What materials do you use and why?

I use acrylic paint because it’s quick and I work fast.  I love the unpredictability of watercolour which is my favourite medium and any workshops I have done in the past have been using that, it’s the most exciting medium.  I also love oils, for the smell above any other reason and may go back to that soon.  Sometimes I use collage (usually tartan paper) because I love the lines and grids and the visual complexity it brings, I’m not patriotic.  Sometimes I use everything including colour pencil, pastels oil bars, graph paper.  It’s what’s to hand and feels the right thing to use, it’s not technically preconceived, more intuitive.

Where do you get your inspiration from?

Anything, everything, everywhere.  Marks on a rusty panel in an industrial estate, bark of a tree, colours of a meal in a restaurant, a conversation with an old person, things out of place in their surroundings, dreaming in a traffic jam, thinking about ideas for paintings at 4am in the morning when I can’t sleep and it’s wonderfully quiet (my most creative time), Max Richter – I’m planning on painting to his music and of course buildings and architecture.  Mostly the sea which is where my heart is and poetry – a certain choice of word or phrase – are probably the most inspiring things.

What is your studio like?

Far smaller than I would like, but we live in a street in a city at the moment which we are not used to, so it’s a small room in the house near the cosy kitchen which the previous occupants used as a home office.  It’s just the usual studio thing – shelves with too much on them, surfaces to work on.  I tend to extend out into the family room adjoining it and the kitchen because it has roof lights and the natural light levels are good there and it gets full of the latest work stacked about the place.  It’s handily near the kettle and biscuit tin too.  When we leave here in a year or two I will build a studio that is the most perfect studio ever and I can’t wait.

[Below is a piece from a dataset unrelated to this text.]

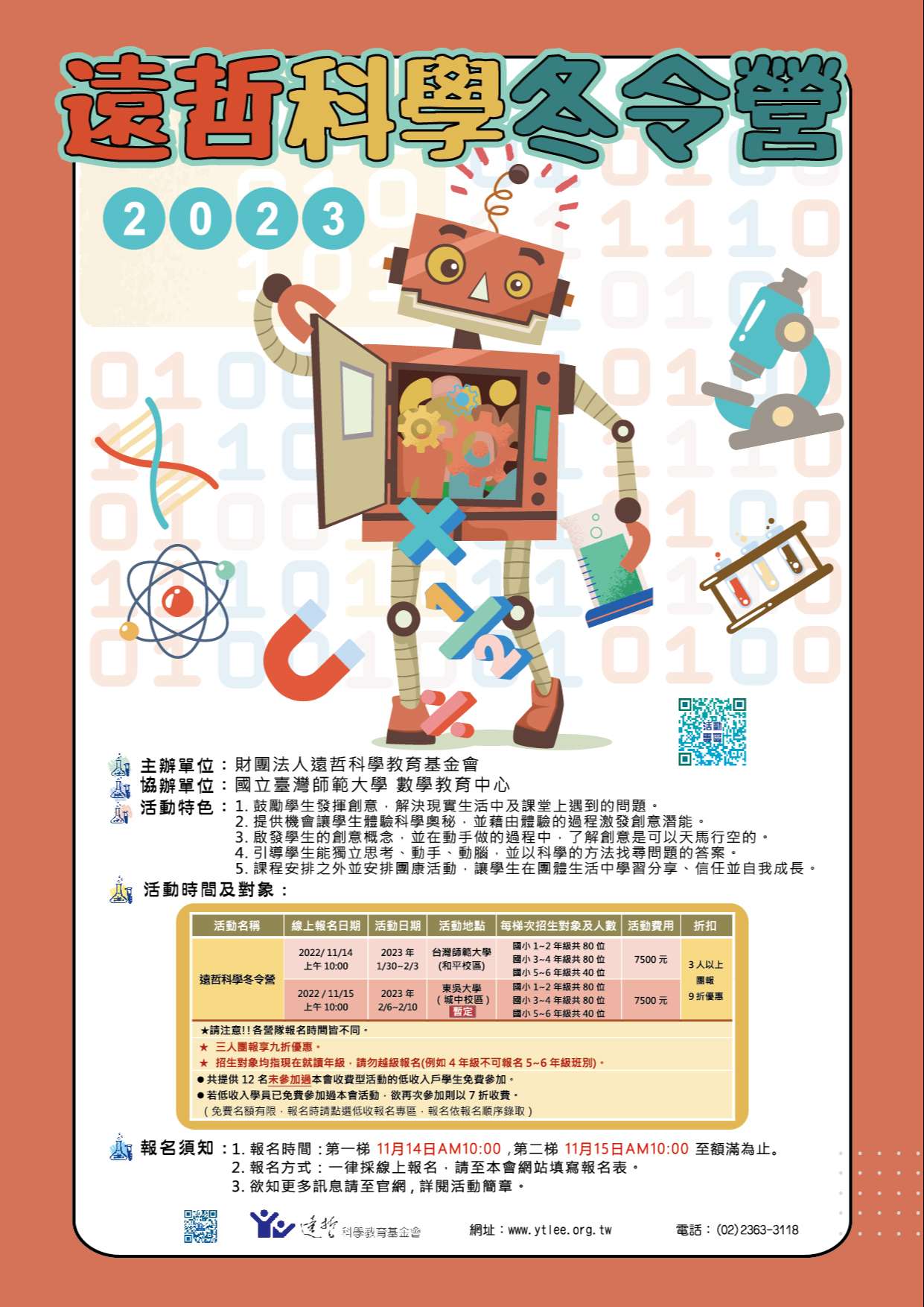 二、財團法人遠哲科學教育基金會與國立臺灣師範大學數學教育中心合作辦理「2023遠哲科學冬令營」。歡迎有興趣學生踴躍報名參加。詳情請見附件活動DM及活動簡章。

What other artists inspire you?

All artists inspire me, I get something from so many people.  Artists who I have looked at and liked are Paul Bailey for composition, David Tress for technical skill mixed with truly intuitive approach, Steven Lindsay for simplicity and space, Turner – sounds clichéd but I do remember being influenced by him as a very young girl, he caught my interest.  And Andrew Wyeth because I love the countryside and I connect with his limited colour palette.  I like architects too, some who are high tech, some low tech, and architectural drawings (all those lines and datum and axis – just great).

What is it you are trying to achieve in your pieces?

A painting tutor once told me, ‘you don’t want to get everything from a poem on the first reading’ and that’s it – to go back to one of my paintings and there’s interest there, always seeing something new, complexity even in simple works. 

I don’t try to be consistent in my painting although I feel a pressure to do that sometimes.  For me the most honest approach I can have to painting is to do what I feel is appropriate on the day.  I like change, it’s not always predictable, and that for me is exciting.  Some days I’m back being the architect or draughtsperson looking for accuracy and precision in what I’m painting, other days a poet or artist with a more emotional response and I can’t get it down quick enough.  I don’t really understand how people can paint the same way for years, that doesn’t work for me.  Having been a designer and artist, it’s more honest for me to address both, so my work is a response on the day, that’s as truthful as I can be to myself and so the result is that it’s not always completely consistent in the outcome. I accept that now.

I try to make work that connects with what is going on in my head and hopefully other people observing my paintings can relate to it and find their own connection.  I like to think of my work as visual poems, you can read them and find meaning, some bits are obscure and need working out and that brings another level of meaning that’s intriguing.  Then maybe later in life you can look at them again and a new meaning can surface.  I like that, seeing things one way and then later another, it keeps it fresh and interesting.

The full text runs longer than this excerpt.